Solbu Marit D, Thomson Peter C, Macpherson Sarah, Findlay Mark D, Stevens Kathryn K, Patel Rajan K, Padmanabhan Sandosh, Jardine Alan G, Mark Patrick B
Institute of Cardiovascular and Medical Sciences, University of Glasgow, 126 University Place, Glasgow, G12 8TA, UK.
Section of Nephrology, University Hospital of North Norway, N-9038, Tromsø, Norway.
BMC Nephrol. 2015 Dec 1;16:194. doi: 10.1186/s12882-015-0187-1.
Hyperphosphataemia is linked to cardiovascular disease and mortality in chronic kidney disease (CKD). Outcome in CKD is also affected by socioeconomic status. The objective of this study was to assess the associations between serum phosphate, multiple deprivation and outcome in CKD patients.
All adult patients currently not on renal replacement therapy (RRT), with first time attendance to the renal outpatient clinics in the Glasgow area between July 2010 and June 2014, were included in this prospective study. Area socioeconomic status was assessed as quintiles of the Scottish Index of Multiple Deprivation (SIMD). Outcomes were all-cause and cardiovascular mortality and commencement of RRT.

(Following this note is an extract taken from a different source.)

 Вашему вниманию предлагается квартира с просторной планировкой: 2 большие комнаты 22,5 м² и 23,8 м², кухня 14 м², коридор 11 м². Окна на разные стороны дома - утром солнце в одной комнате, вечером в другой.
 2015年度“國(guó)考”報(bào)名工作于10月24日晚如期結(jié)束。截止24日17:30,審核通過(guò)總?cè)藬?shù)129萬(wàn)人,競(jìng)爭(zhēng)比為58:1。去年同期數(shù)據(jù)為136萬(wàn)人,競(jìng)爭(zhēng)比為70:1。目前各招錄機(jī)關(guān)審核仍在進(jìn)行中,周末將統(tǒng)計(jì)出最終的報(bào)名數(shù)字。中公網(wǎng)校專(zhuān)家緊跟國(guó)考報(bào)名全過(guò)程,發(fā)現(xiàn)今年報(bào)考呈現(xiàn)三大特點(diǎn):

The cohort included 2950 patients with a median (interquartile range) age 67.6 (53.6-76.9) years. Median (interquartile range) eGFR was 38.1 (26.3-63.5) ml/min/1.73 m(2), mean (± standard deviation) phosphate was 1.13 (± 0.24) mmol/L and 31.6 % belonged to the most deprived quintile (SIMD quintile I). During follow-up 375 patients died and 98 commenced RRT. Phosphate ≥ 1.50 mmol/L was associated with all-cause (hazard ratio (HR) 2.51; 95 % confidence interval (CI) 1.63-3.89) and cardiovascular (HR 5.05; 95 % CI 1.90-13.46) mortality when compared to phosphate 0.90-1.09 mmol/L in multivariable analyses. SIMD quintile I was independently associated with all-cause mortality. Phosphate did not weaken the association between deprivation index and mortality, and there was no interaction between phosphate and SIMD quintiles. Neither phosphate nor SIMD predicted commencement of RRT.

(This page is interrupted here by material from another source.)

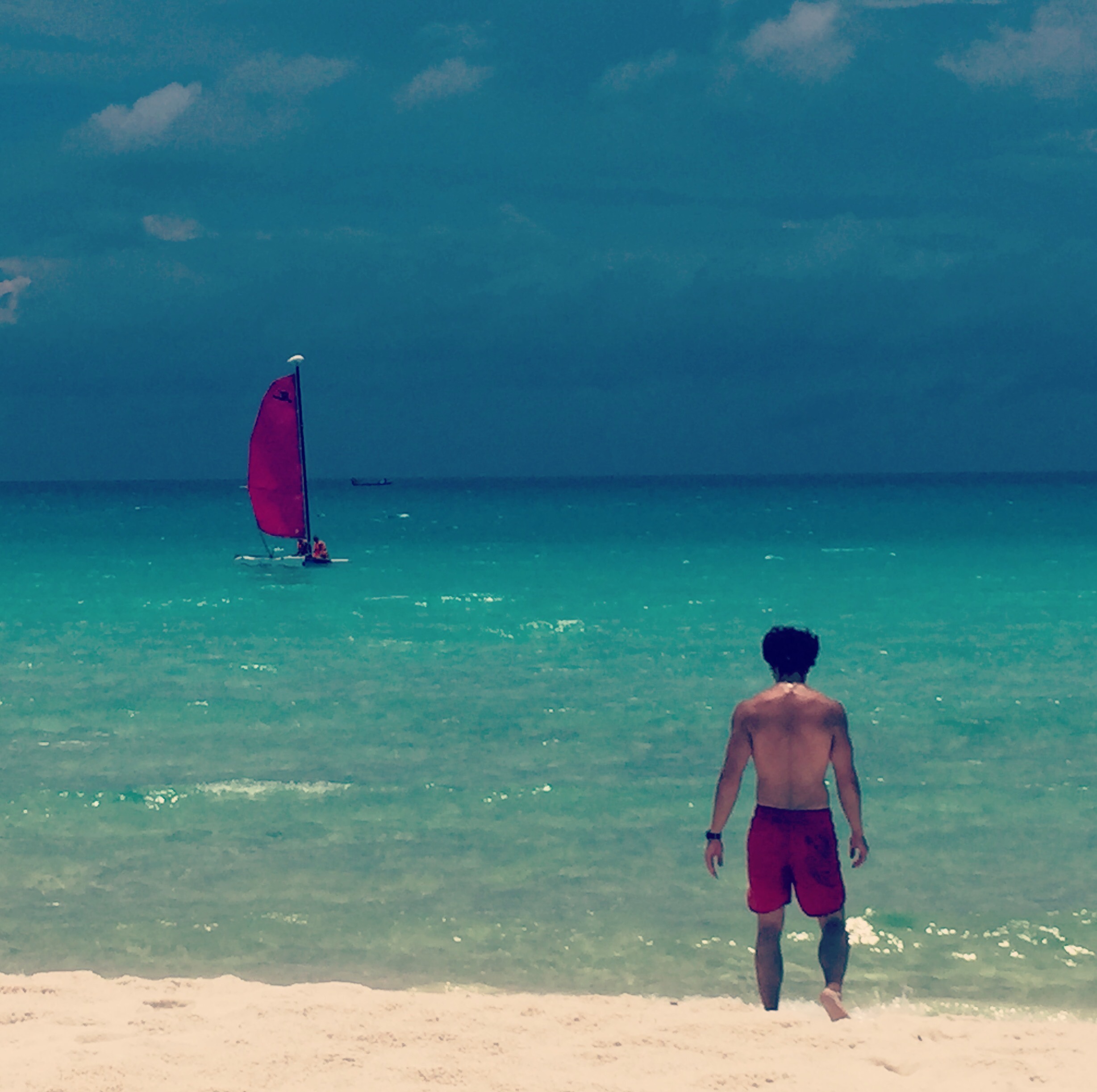 We met a French couple, Louis and Stefanie, who own a modular catamaran company. They are just launching their first boats, and they are taking a trip through Cambodia before their lives get hectic. Naturally, when we had some free time on Koh Rong island, we decided to rent a catamaran on the beach and take it out for an hour. Crystal water, “caster sugar sand,” (Alice’s description, 100% accurate) blue skies, and a good wind made us all very happy indeed.

Multiple deprivation and serum phosphate were strong, independent predictors of all-cause mortality in CKD and showed no interaction. Phosphate also predicted cardiovascular mortality. The results suggest that phosphate lowering should be pursued regardless of socioeconomic status.
高磷血症与慢性肾脏病(CKD)患者的心血管疾病及死亡率相关。CKD的预后还受社会经济地位的影响。本研究的目的是评估CKD患者血清磷、多重贫困与预后之间的关联。

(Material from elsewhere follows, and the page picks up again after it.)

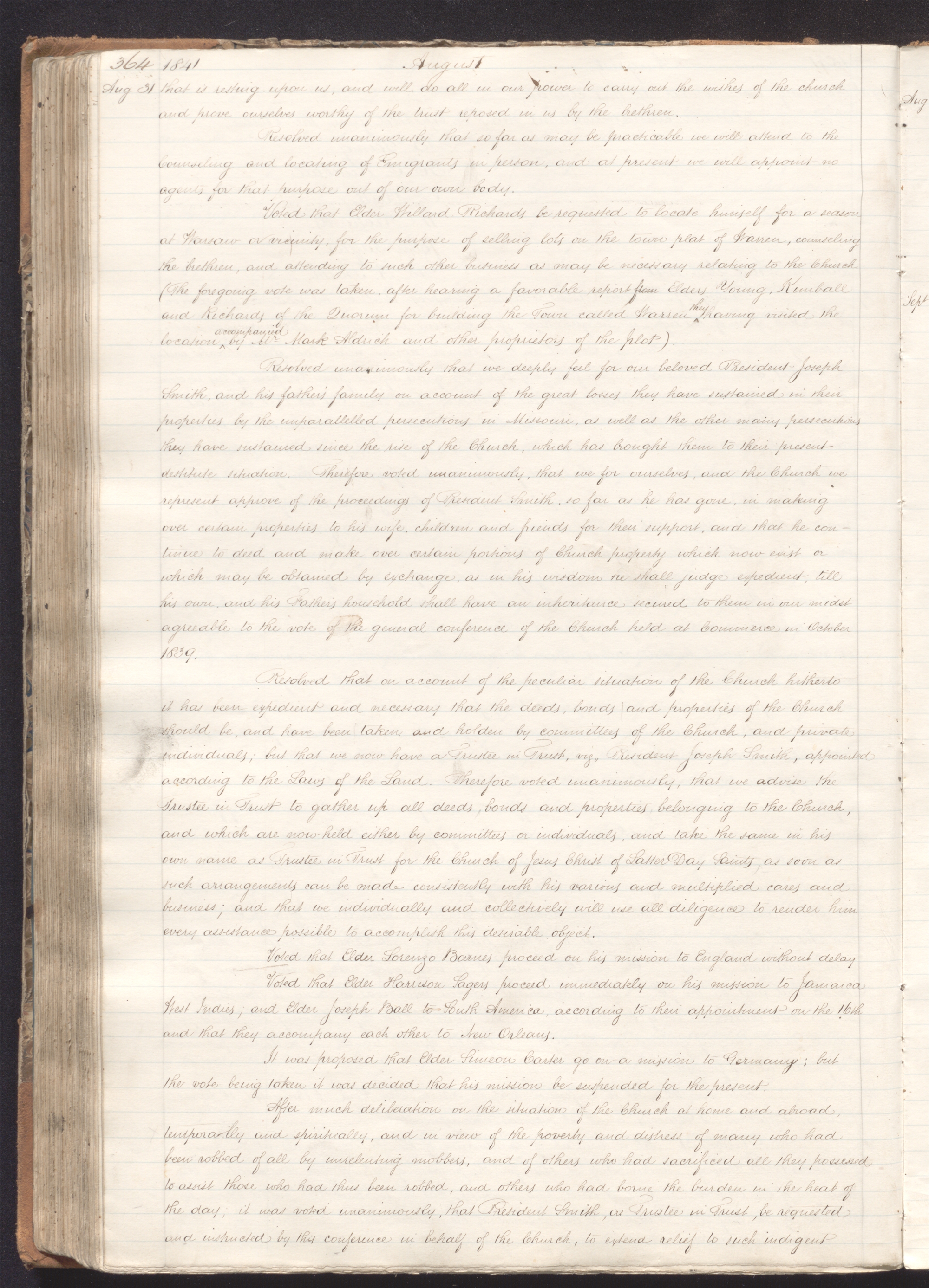 JS, History, 1838–1856, vol. C-2, created 2 Aug. 1845–3 Feb. 1846, 8 Nov. 1854–2 Oct. 1855, and 10 Mar. 1862; handwriting of , , , Jonathan Grimshaw, and Robert L. Campbell; 520 pages, plus eight pages of addenda; CHL. This is a copy of the third volume of a six-volume manuscript history of the church (JS History, 1838–1856, vol. C-1), and covers the period from 2 Nov. 1838 to 31 July 1842. The copy also comprises four other volumes, labeled A-2, B-2, D-2, and E-2, and continues through 19 July 1843. The copy was discontinued 6 Aug. 1856 “by the advice of President ” (JS History, 1838–1856, vol. E-2, p. 83).

本前瞻性研究纳入了2010年7月至2014年6月期间首次到格拉斯哥地区肾脏门诊就诊、目前未接受肾脏替代治疗(RRT)的所有成年患者。地区社会经济地位根据苏格兰多重贫困指数(SIMD)的五分位数进行评估。结局指标为全因死亡率、心血管死亡率及开始接受RRT。
该队列包括2950例患者,年龄中位数(四分位间距)为67.6(53.6 - 76.9)岁。估算肾小球滤过率(eGFR)中位数(四分位间距)为38.1(26.3 - 63.5)ml/min/1.73 m²,平均(±标准差)磷水平为1.13(±0.24)mmol/L,31.6%的患者属于最贫困五分位(SIMD五分位I)。随访期间,375例患者死亡,98例开始接受RRT。在多变量分析中,与磷水平为0.90 - 1.09 mmol/L相比,磷水平≥1.50 mmol/L与全因死亡率(风险比(HR)2.51;95%置信区间(CI)1.63 - 3.89)及心血管死亡率(HR 5.05;95% CI 1.90 - 13.46)相关。SIMD五分位I与全因死亡率独立相关。磷并未削弱贫困指数与死亡率之间的关联,且磷与SIMD五分位之间无相互作用。磷和SIMD均不能预测RRT的开始。
多重贫困和血清磷是CKD患者全因死亡率的强有力独立预测因素,且无相互作用。磷还可预测心血管死亡率。结果表明,无论社会经济地位如何,都应进行降磷治疗。